Compared to deepwater drilling, shallow-water drilling is relatively easy and historically safe, compounding the confusion over the government’s sluggish pace of approving drilling applications, which are necessary for businesses to drill for oil.
“Despite the industry's demonstrated safety record and straightforward approach to subsurface energy resource extraction, as of September 22, 2010 BOEM had issued only six permits for new shallow-water wells in the five months since the April 20th Deepwater Horizon accident,” the study reported. “Prior to the spill, the Interior Department issued an average of 10 to 15 permits for new shallow water wells per month.”
This slow pace has resulted in nearly one-third of the shallow water drilling fleet to sit idle, a fact that could “mothball” the entire shallow water drilling industry due to the fact that rigs move from one project to the next approximately every six weeks. If the government continues its slow pace of drilling permit approvals, nearly 75 percent of the shallow water fleet could be idled by November 30, the report stated.
This slowdown in drilling could cost the region’s economy an estimated $4.3 billion over the course of the year, the report found.

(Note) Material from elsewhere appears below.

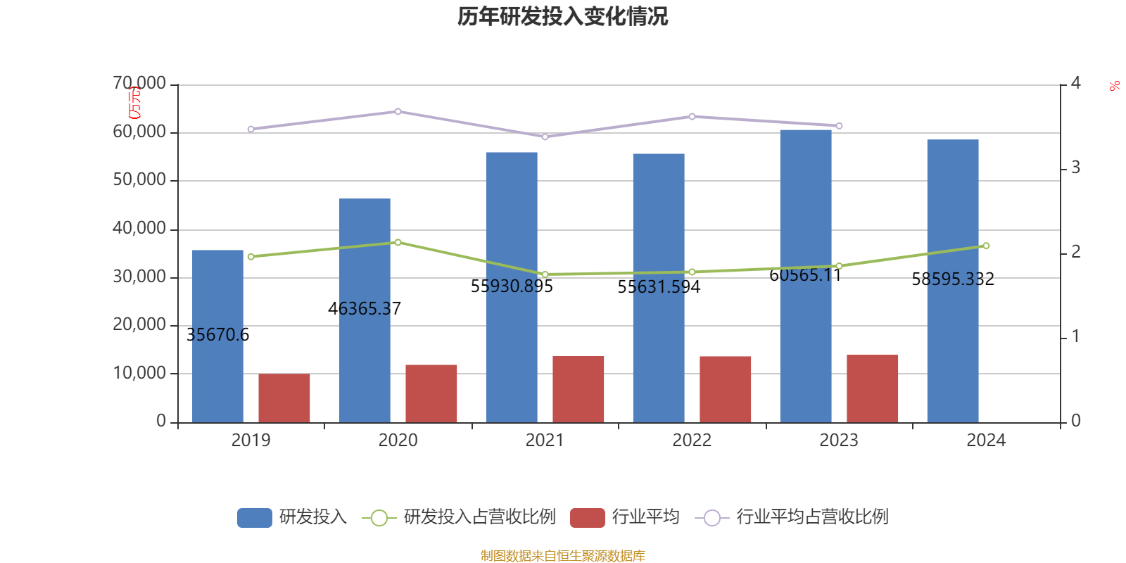 2024年全年,公司研发投入金额为5.86亿元,同比下降3.25%;研发投入占营业收入比例为2.09%,相比上年同期上升0.24个百分点。此外,公司全年研发投入资本化率为0%。
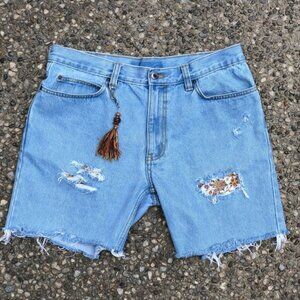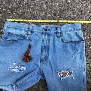 These upcycled Light Denim Jeans were given a new life with new purpose! Boholicious intentionally distressed cut off Jean shorts with Floral fabric patches and boho beaded tassel detail give these high waist light denim jeans some serious festival vibes! These Jean shorts are %100 cotton, they do not have spandex in them so they fit like the old school jeans used to fit back in the day! The tag reads size 36 but they fit more accurately to a 33/34. Please see measurements for fit before purchasing. *Price is for the shorts only, coordinating items sold separately in my closet.

“Over the course of one year, should 75 percent of the rigs become stacked as a result of BOEM inaction on issuing permits, the direct economic losses to the nation’s businesses and workers would exceed $4.3 billion, with Louisiana taking the biggest hit and Mississippi second,” it said.
The economic effects of this “de facto” ban on shallow-water drilling are not confined to the drilling industry, the report explained. Because the oil industry is such a large regional employer, sectors from banking to hospitality are being negatively affected.

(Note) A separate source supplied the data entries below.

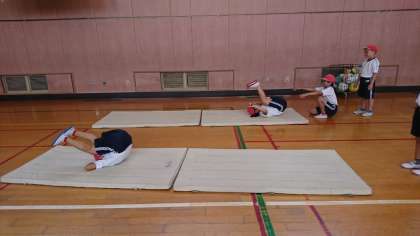 体育係さんが中心となって準備運動を行い、サーキット。色んな動きに挑戦しました。
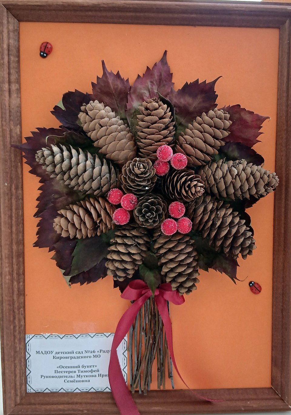 4 года, Прутики из леса, шишки лесные, осенние листья, ленточка,декоративные божьи коровки, рябина , клей картон, рамка.
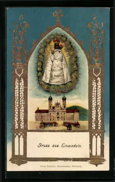 Präge-AK Einsiedeln, Kirche und Gnadenmutter
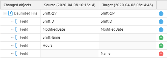 Now, we see the added and removed icons in a more appropriate order, where we added the Hours column as well as renaming Name to ShiftName.

“Many small businesses are scaling back expenses and laying off workers while others are cutting back because of uncertainty about the cost of proposed new regulations for offshore drilling once the drilling ban is lifted,” the report said.

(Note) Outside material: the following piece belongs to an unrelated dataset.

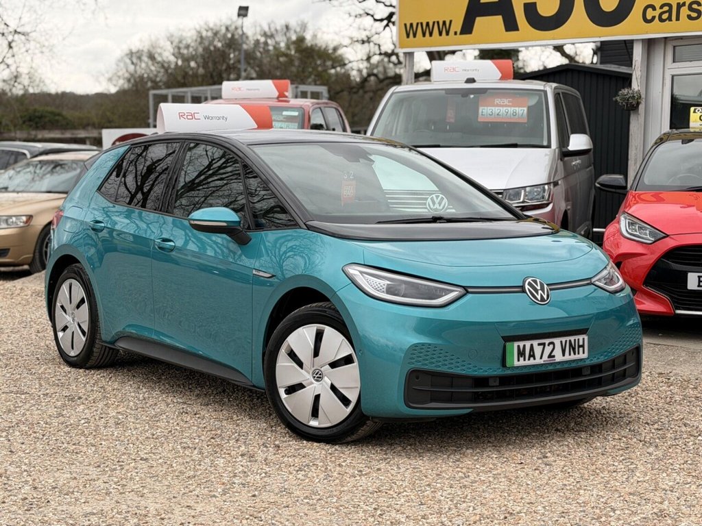 HookInsurance Group 29, 0 Previous Owners, This 2022 Volkswagen ID.3 Pro Performance Family is a standout example, having covered a remarkably low 7634 miles from its single owner. As an electric vehicle, it offers a compelling blend of modern technology and practicality. The ID.3 Pro Performance Family variant, in its Family trim, boasts a 62 kWh battery with a maximum range of 257 miles when new, and a full charge at home using a 7kW charger takes approximately 9 hours and 30 minutes. For quicker top ups, it can reach 80% charge in just 37 minutes at a compatible public charging station. This particular ID.3 comes equipped with a host of desirable features that enhance comfort and convenience. The Comfort Package Plus includes heated seats, a heated steering wheel, and climate control, while the Assistance Pack adds keyless entry and a rear parking camera. Front and rear parking sensors further aid manoeuvrability. Driving is made easier with Adaptive Cruise Control, which includes a distance monitoring system and city emergency braking. The Design Package Plus brings stylish LED headlights and an opening panoramic sunroof. These features, combined with its impressive 062mph acceleration in just 7.3 seconds and generous boot space, position this ID.3 as an excellent choice for those seeking an efficient and well equipped electric car..10in Infotainment System, 18in Steel Wheels Aero, ABS AntiLock Braking System, Adaptive Cruise Control ACC including Front Assist Radar Sensor Controlled Distance Monitoring System City Emergency Braking System Cruise Control and Speed Limiter, Airbag Front Centre, Airbags Curtain Front, Airbags Driver, Airbags Front Side, Airbags Passenger, Armrest Integrated into Front Seats, Assistance Pack, Black Roof, Body Coloured Bumpers Door Handles and Door Mirrors with Integrated Indicators, Car2X Technology, Comfort Package Plus, DAB Digital Radio, Design Package Plus, Digital Dashboard, Driver Alert System, Electric Windows Front and Rear, Electronic Parking Brake with Auto Hold Function, Exterior ESound, Free WeConnect Start for First 3 Years, Heated Rear Window, ID Light, Infotainment Package, Interior Alarm, Interior Ambient Lighting 10 Colours, Lane Assist, Mode 3 32AMP 7.2kW Charging Cable for Charging at Public Charge Points, NCAP Pack Forward Collision Warning Extended and Proactive Pedestrian Protection, Natural Voice Control, Parking Sensors Front and Rear, Power Assisted Steering Speed Sensitive, Remote Tailgate Unlocking, Security and Service SOS Buttons, Special WeCharge Conditions for ID 3 Customers within First 3 Years, Tool Kit with Tyre Mobility Kit, We Connect ID App, Winter Driving Mode, Wireless App Connect

“Banks are leery about making loans to oil, gas and boat businesses for fear that more operations will move overseas,” according to the study. “Housing prices and sales have dropped markedly over the past several months -- even as they’ve stabilized nationally -- while pending residential home sales are down 23 percent from a year ago.”
The long-term consequences of both the deepwater and de facto shallow-water bans could be severe, the study warned, as jobs move overseas, oil imports rise, and U.S. technological leadership diminishes.
oil spill commission
President Barack Obama with BP Oil Spill Commission co-chairs, former Sen. Bob Graham of Florida and former EPA Administrator William Reilly, in the Rose Garden on Tuesday, June 1, 2010. (AP Photo/Charles Dharapak)
“If the bans remain in place much longer, additional exploration and production will move overseas, destroying thousands of high wage American jobs while weakening the nation’s economic and national security as larger quantities of fossil fuels are imported,” reads the report. “And as more rigs relocate to other countries, the U.S. risks losing its global technical leadership in offshore drilling, just as has occurred with nuclear energy.”
The report’s author, Dr. Bernard Weinstein, told CNSNews.com that the loss of income to Gulf Coast communities would be “significant” and would affect through the wider economy.
“That income [loss] ripples through the economy and affects not only those directly employed in offshore exploration and production but all the service industries for that matter [and] small businesses providing goods and services to residents in those communities, grocery stores, farmers – you can just go on down the list,” he said.
The Bureau of Ocean Energy Management, Regulation and Enforcement did not respond to messages left by CNSNews.com inquiring about the slowdown in drilling permits at press time.